** Exercise inputs follows **

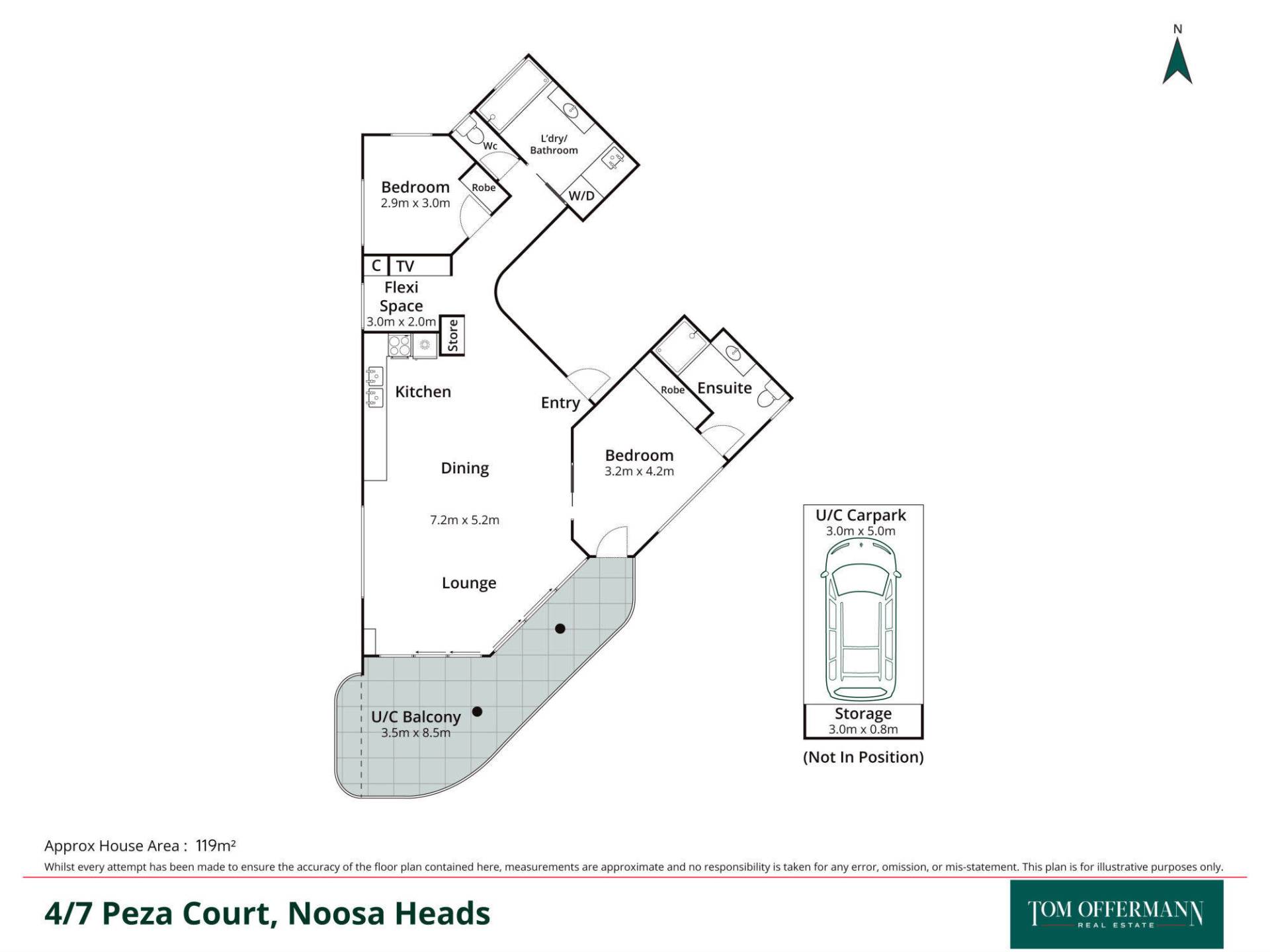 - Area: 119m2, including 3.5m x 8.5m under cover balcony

** End of Exercise inputs **
** Exercise inputs follows **

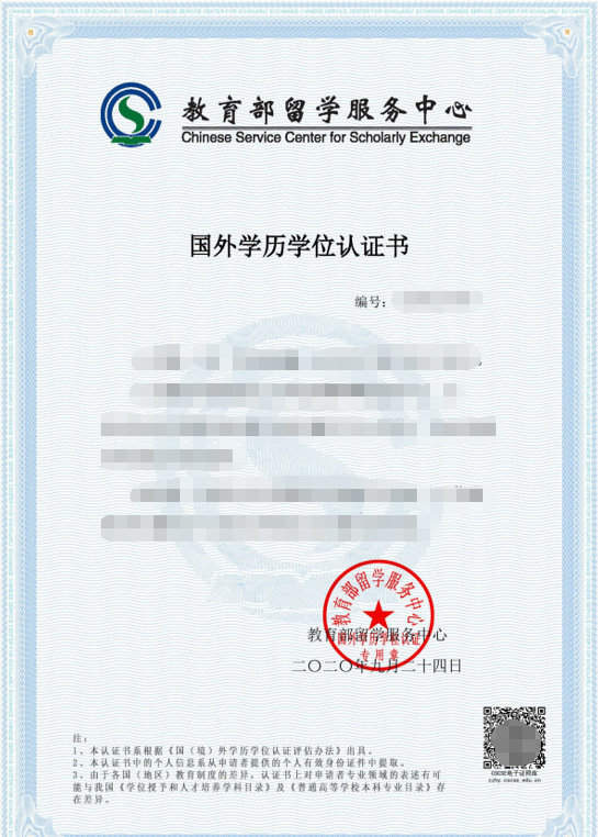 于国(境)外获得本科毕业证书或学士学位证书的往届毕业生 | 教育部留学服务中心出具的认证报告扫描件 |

** End of Exercise inputs **
** Exercise inputs follows **

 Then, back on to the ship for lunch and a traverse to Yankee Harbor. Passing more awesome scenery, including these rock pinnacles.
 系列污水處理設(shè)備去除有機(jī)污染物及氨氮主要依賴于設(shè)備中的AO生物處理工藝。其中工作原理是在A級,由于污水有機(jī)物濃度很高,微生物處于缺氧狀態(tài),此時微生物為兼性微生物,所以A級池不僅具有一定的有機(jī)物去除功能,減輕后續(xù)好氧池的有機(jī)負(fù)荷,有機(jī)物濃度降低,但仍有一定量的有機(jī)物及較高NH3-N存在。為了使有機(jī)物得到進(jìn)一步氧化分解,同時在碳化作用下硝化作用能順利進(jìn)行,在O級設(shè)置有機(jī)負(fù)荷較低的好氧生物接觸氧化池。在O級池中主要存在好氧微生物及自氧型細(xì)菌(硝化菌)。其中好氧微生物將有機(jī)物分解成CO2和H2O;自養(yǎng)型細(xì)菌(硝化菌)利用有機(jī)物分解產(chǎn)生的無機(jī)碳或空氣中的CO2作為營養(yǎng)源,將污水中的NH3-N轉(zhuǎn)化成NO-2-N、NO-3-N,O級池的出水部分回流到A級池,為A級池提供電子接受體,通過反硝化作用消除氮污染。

** End of Exercise inputs **

> What the task asks
Copy the lines above exactly. Start with the line containing "Then, back on", end with the line containing "系列污水處理設(shè)備去", and include both.

> Output below
 Then, back on to the ship for lunch and a traverse to Yankee Harbor. Passing more awesome scenery, including these rock pinnacles.
 系列污水處理設(shè)備去除有機(jī)污染物及氨氮主要依賴于設(shè)備中的AO生物處理工藝。其中工作原理是在A級,由于污水有機(jī)物濃度很高,微生物處于缺氧狀態(tài),此時微生物為兼性微生物,所以A級池不僅具有一定的有機(jī)物去除功能,減輕后續(xù)好氧池的有機(jī)負(fù)荷,有機(jī)物濃度降低,但仍有一定量的有機(jī)物及較高NH3-N存在。為了使有機(jī)物得到進(jìn)一步氧化分解,同時在碳化作用下硝化作用能順利進(jìn)行,在O級設(shè)置有機(jī)負(fù)荷較低的好氧生物接觸氧化池。在O級池中主要存在好氧微生物及自氧型細(xì)菌(硝化菌)。其中好氧微生物將有機(jī)物分解成CO2和H2O;自養(yǎng)型細(xì)菌(硝化菌)利用有機(jī)物分解產(chǎn)生的無機(jī)碳或空氣中的CO2作為營養(yǎng)源,將污水中的NH3-N轉(zhuǎn)化成NO-2-N、NO-3-N,O級池的出水部分回流到A級池,為A級池提供電子接受體,通過反硝化作用消除氮污染。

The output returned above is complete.